Renault reported a 7.3% rise in Q1 2026 revenue to €12.5bn, but Dacia acted as the brake: the Romanian brand's registrations fell 16.3% over the period, hit by logistics and production disruption in the Strait of Gibraltar caused by severe weather that hampered the group's Moroccan plant in January and February. March started a recovery (+1.9% in Europe) and the order book remains solid, supported by double-digit order intake growth since the start of the year.

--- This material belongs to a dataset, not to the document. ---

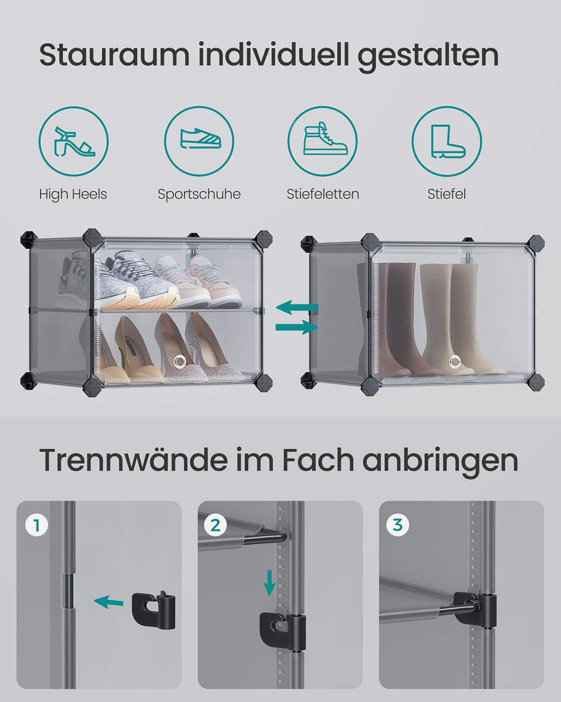 SONGMICS kenkähylly 10 lokerolla, kenkäkaappi, 30 x 40 x 30 cm per lokero, kapea, ovilla, teräsrunko, muovi, eteiseen, makuuhuoneeseen, sisäänkäyntialueelle, musta LPC035B01

The core Renault brand held up well: registrations up 2.2% overall, nearly 400,000 vehicles sold, +3.8% in Europe, and the new-generation Clio 6 already at 27,000 European units. Full-electric sales jumped 40% and now make up 23.9% of the European mix, led by the R5 and soon the Twingo. Sporty niche Alpine posted +54.7% on 3,246 vehicles (led by the A290). International ex-Europe sales were stable at 140,000 units, supported by recent launches of the Duster in India and the Filante in South Korea.

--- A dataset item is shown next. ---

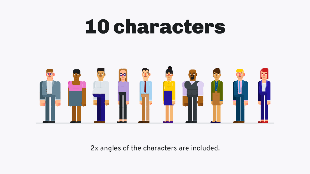 Vector character kit - 10 business themed characters with 2x angles each. You can easily adapt and edit the character to suit your project!

Group registrations fell 3.3% overall, but automotive revenue rose 6.5% (+8% at constant FX) thanks to partner deliveries (Micra built for Nissan in Douai, Geely distribution in Brazil). Mobilize Financial Services — Renault's captive auto-finance arm — kept its pace, with revenue up 13% to €1.72bn. Source: Les Echos, 23 April 2026, Lionel Steinmann.
The story in one line. Dacia stumbles on Moroccan logistics but the Renault brand holds up thanks to electrics, and group revenue still rises 7.3%.
23.9% of European mix in full-electric (+40% BEV sales)
+54.7% Alpine sales (3,246 vehicles, led by the A290)
–3.3% group registrations overall; automotive revenue +6.5% (+8% at constant FX)
€1.72bn Mobilize Financial Services revenue, +13%
Why it matters
Renault illustrates a useful paradox: volumes fall, revenue rises. Three levers explain the gap. First, mix: full-electric now accounts for 23.9% of European sales — R5 is working, Twingo is coming, A290 is pulling Alpine, and the fuel-price spike indirectly boosts EV demand. Second, partner sales (Nissan Micra built in Douai, Geely distribution in Brazil) lift revenue without hurting margin mix. Third, Mobilize Financial Services, the captive auto-finance arm, delivers a high-margin recurring income stream (+13% revenue).
Takeaway
The real vulnerability sits with a single Moroccan plant for Dacia. Beyond that, Q1 confirms Renault is now a diversified OEM: volumes down but automotive, financial-services and partner-sales margins up. It is the shape of a company pivoting to revenue quality over quantity.